O bom uso da inteligência artificial
Juliano Maranhão, professor da faculdade de direito da USP e representante do Instituto Lawgorithm (Associação Lawgorithm de Pesquisa em Inteligência Artificial), corroborou com a sugestão do YouTube para haver mais transparência nos conteúdos criados e manipulados por IA em áudio e vídeo.
Maranhão sugere que a responsabilidade da informação seja do candidato ou daquela pessoa que produziu o conteúdo. Ele está preocupado de que a IA fique estigmatizada como tecnologia produtora de desinformação: “Temos uma preocupação de que o eleitor acabe identificando que todo e qualquer uso de IA seja uma manipulação fraudulenta, de deep fake. Mas a IA pode ajudar em diversos aspectos, como o cenário de fundo, ilustrações e, com isso, diminuir os custos dos candidatos que tenham menor acesso ao financiamento de campanhas eleitorais. A IA pode contribuir para o processo democrático”, explicou.

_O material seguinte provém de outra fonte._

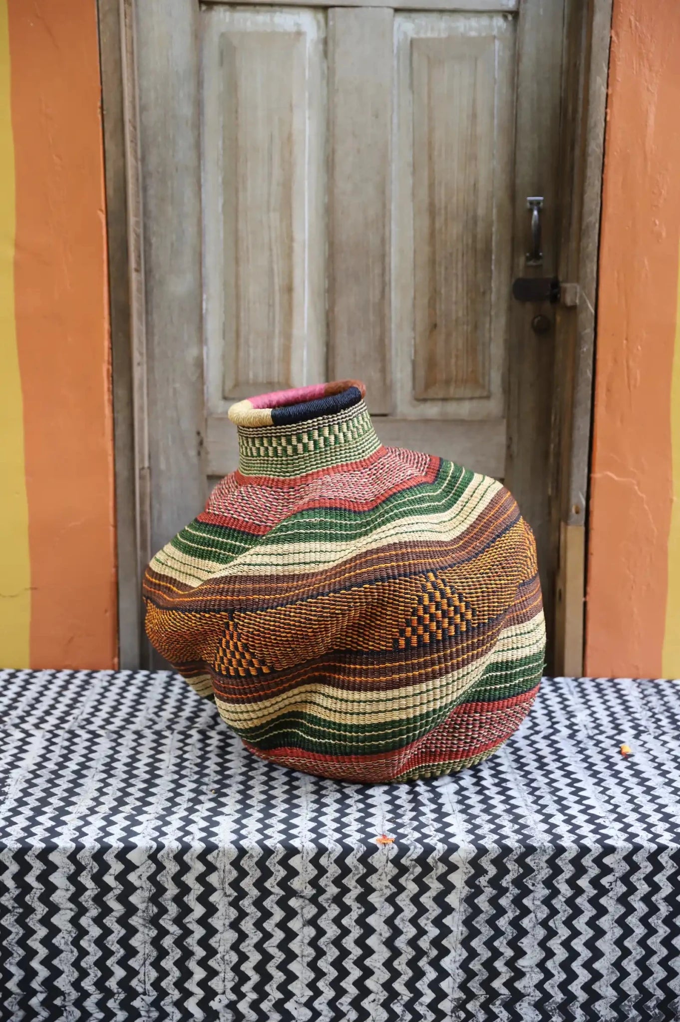 Pue-oh源自当地一种奇特的树木,这种树以其硕大的叶片和有毒的汁液而闻名。它的果实不可食用,但裂开后,会释放出轻盈蓬松的种子——宛如蒲公英——随风飘荡,播撒新的生命。Pue -oh篮子的设计灵感正是源于这种自然奇观,它既是一件雕塑艺术品,又为任何空间增添了一抹自然的魅力。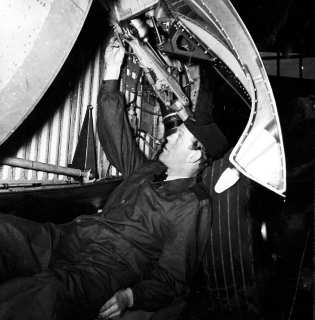 F6 Karlsborg 1953. Flottiljen omskolas till flygplan A29 "Tunnan". Flygtekniker Forsmark studerar höger huvudställ. Albumet är en del av en donation från Karl-Axel Hansson, Karlsborg. Förteckning över hela donationen finns i albumet samt som Word-dokument.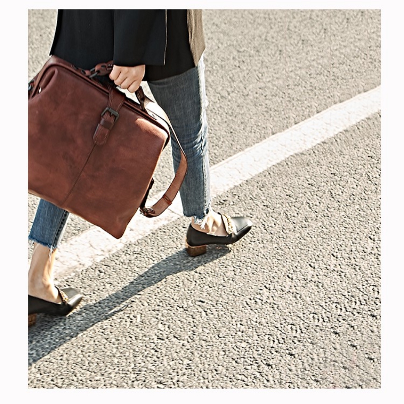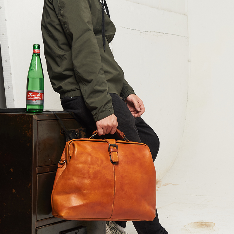 Half Van Original Handmade Head Layer Cow Leather Handbag Brief Practical Retro single shoulder bag briefcase genuine leather Inclined Satchel Bag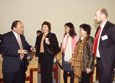 | Le vice-Premier ministre Nguyên Xuân Phúc (1er, gauche) rencontre des délégués. |

Por isso, sugere que os candidatos, além de explicitarem o uso da IA e a metodologia aplicada (já previstas pela lei), também informem a finalidade do uso da IA “de uma maneira que o eleitor possa discernir sobre aquele conteúdo produzido ou manipulado com IA, mas com finalidade legítima, seja na produção de áudio ou de vídeo”.

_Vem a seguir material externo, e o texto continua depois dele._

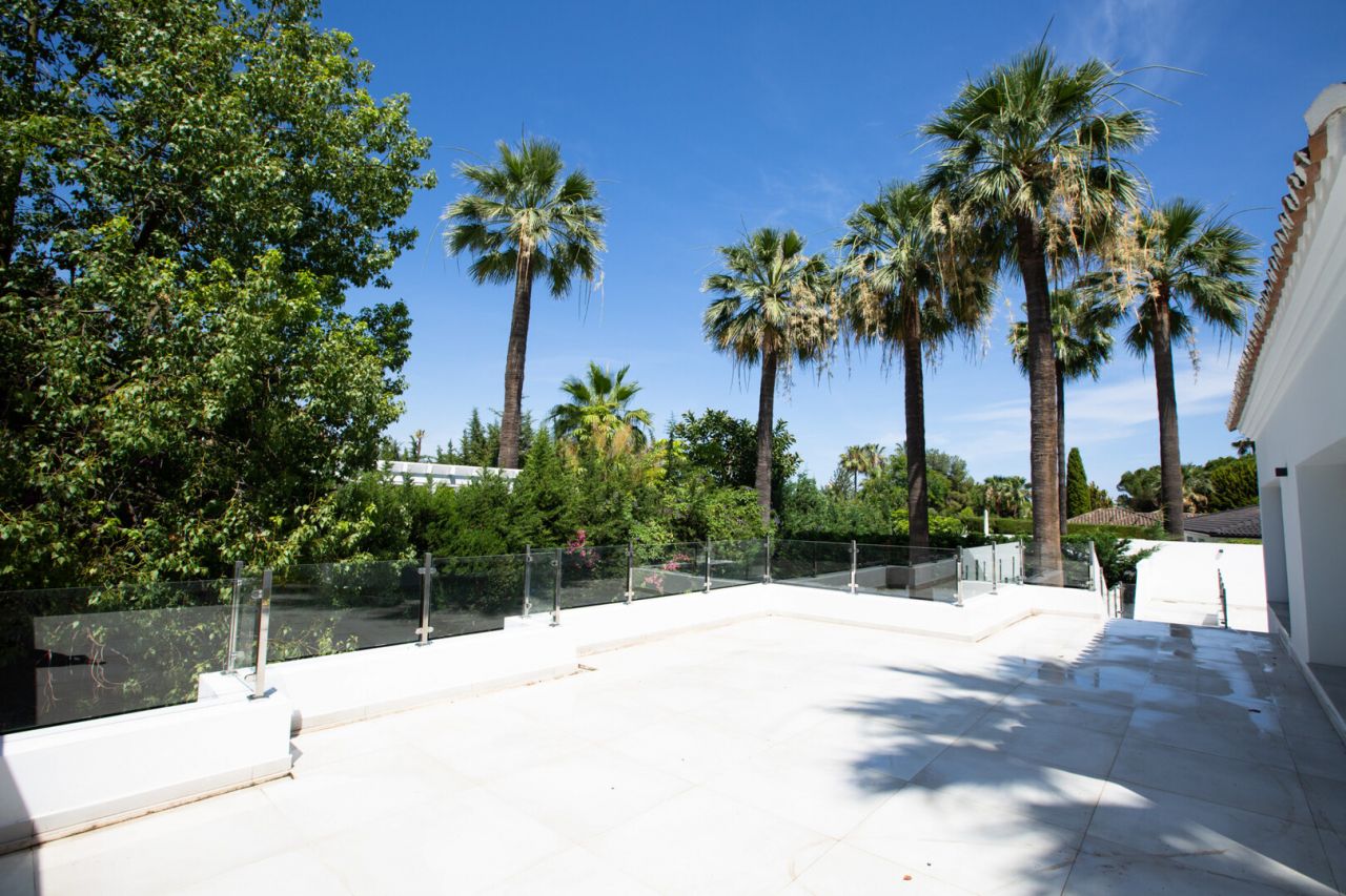Objevte tuto nádhernou nemovitost, která se nachází v srdci golfového údolí Nueva Andalucia, obklopena prestižními golfovými hřišti, jako jsou Las Brisas, Los Naranjos a Aloha. Má 4 ložnice s vlastní koupelnou a nabízí řadu působivých zařízení. V hlavním patře vás přivítá prostorný obývací pokoj s toaletou pro hosty a velkolepá hlavní ložnice s vlastní koupelnou a šatnou. Kromě toho zde najdete další ložnici s vlastní koupelnou a plně vybavenou moderní kuchyní. Z tohoto podlaží je přístup na dvě velké terasy s úžasným výhledem do spodní části, kde je venkovní bazén obklopený bujnou tropickou zahradou.

O representante do Clube Associativo dos profissionais de marketing político (Camp), Bruno Fabrino Hoffmann, também salientou a importância da IA na colaboração do processo eleitoral. Seu uso pode ser positivo ao melhorar a qualidade das peças de propaganda. “Importante darmos essa liberdade e garantir seu uso positivo, sem amarras às campanhas. Não podemos tentar frear a tecnologia”, afirmou.
O Instituto Gaúcho de Direito Eleitoral aconselhou a inclusão pela legislação eleitoral de uma definição do que é considerado IA. “Precisamos desse conceito definido para o trabalho dos players que atuam nas campanhas eleitorais”, disse sua representante, Francieli Campos.

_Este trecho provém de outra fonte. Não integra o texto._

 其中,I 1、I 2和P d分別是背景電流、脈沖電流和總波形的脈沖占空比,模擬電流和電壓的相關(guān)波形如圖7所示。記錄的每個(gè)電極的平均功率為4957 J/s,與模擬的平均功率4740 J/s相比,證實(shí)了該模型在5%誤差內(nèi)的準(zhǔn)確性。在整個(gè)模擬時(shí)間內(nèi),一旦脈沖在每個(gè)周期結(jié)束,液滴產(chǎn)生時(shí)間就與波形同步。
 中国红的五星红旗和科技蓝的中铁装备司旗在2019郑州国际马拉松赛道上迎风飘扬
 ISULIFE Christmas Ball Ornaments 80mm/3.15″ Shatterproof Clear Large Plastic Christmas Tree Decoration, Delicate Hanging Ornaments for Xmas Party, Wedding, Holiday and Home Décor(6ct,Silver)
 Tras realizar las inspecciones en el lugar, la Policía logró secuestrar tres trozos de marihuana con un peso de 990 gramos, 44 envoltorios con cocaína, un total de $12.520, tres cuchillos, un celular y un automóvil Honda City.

Campos, na mesma linha de Maranhão, do Lawgorithm, aposta na necessidade de deixar claro o que é lícito e ilícito no uso da IA. O Instituto pede que a lei explicite que o seu uso seja voltado para o refinamento do conteúdo – desde que não descaracterize o conteúdo original.
Proibição de deep fake e restrição de LLMs
O representante do Camp sugeriu a proibição das deep fakes. “Nossos eleitores não estão prontos para distinguir o certo do errado, o real do fake. As consequências podem ser catastróficas”, disse Hoffmann.
Ele também pediu que as plataformas criem uma “advertência de deep fake” para candidaturas em desacordo com a lei e para usuários que disseminam desinformação.
Para André Gualttieri de Oliveira, doutor em filosofia em direito, é importante que a legislação eleitoral restrinja a criação de chatbots com grandes modelos de linguagem (LLMs, na sigla em inglês) e IA generativa, para que não haja alucinações por parte do robô. Para Oliveira, os chatbots devem responder a perguntas previamente programadas. Deu como exemplo a experiência das eleições na Coreia do Sul: “Esses chatbots só podiam responder a partir de textos predeterminados gravados pelo candidato. Isso evita as alucinações de IA generativa”, completou.
Resumo
Para o IRIS (Instituto de Referência Internet e Sociedade), a legislação eleitoral precisa ser mais clara sobre os seguintes aspectos:
– de quem é a responsabilidade de informar ao cidadão que um determinado conteúdo foi fabricado com uso de tecnologia?;
– qual informação sobre o uso da tecnologia deve ser publicizada?;
– quem deve identificar um conteúdo de caráter político-eleitoral?
Para melhorar esses aspectos, o IRIS sugere que a pessoa autora seja responsável por indicar a utilização de tecnologias digitais e o caráter político-eleitoral daquele conteúdo e que os provedores de aplicação ofereçam ferramentas para tal.
Paloma Rossilo, representante do IRIS, também sugeriu que apenas os conteúdos político-eleitorais impulsionados tenham a obrigação de oferecer dados sobre o uso de tecnologias digitais. “Esse tipo de conteúdo impulsionado é revestido de uma camada a mais de profissionalização e de interesse eleitoral em impactar o pleito”, explicou.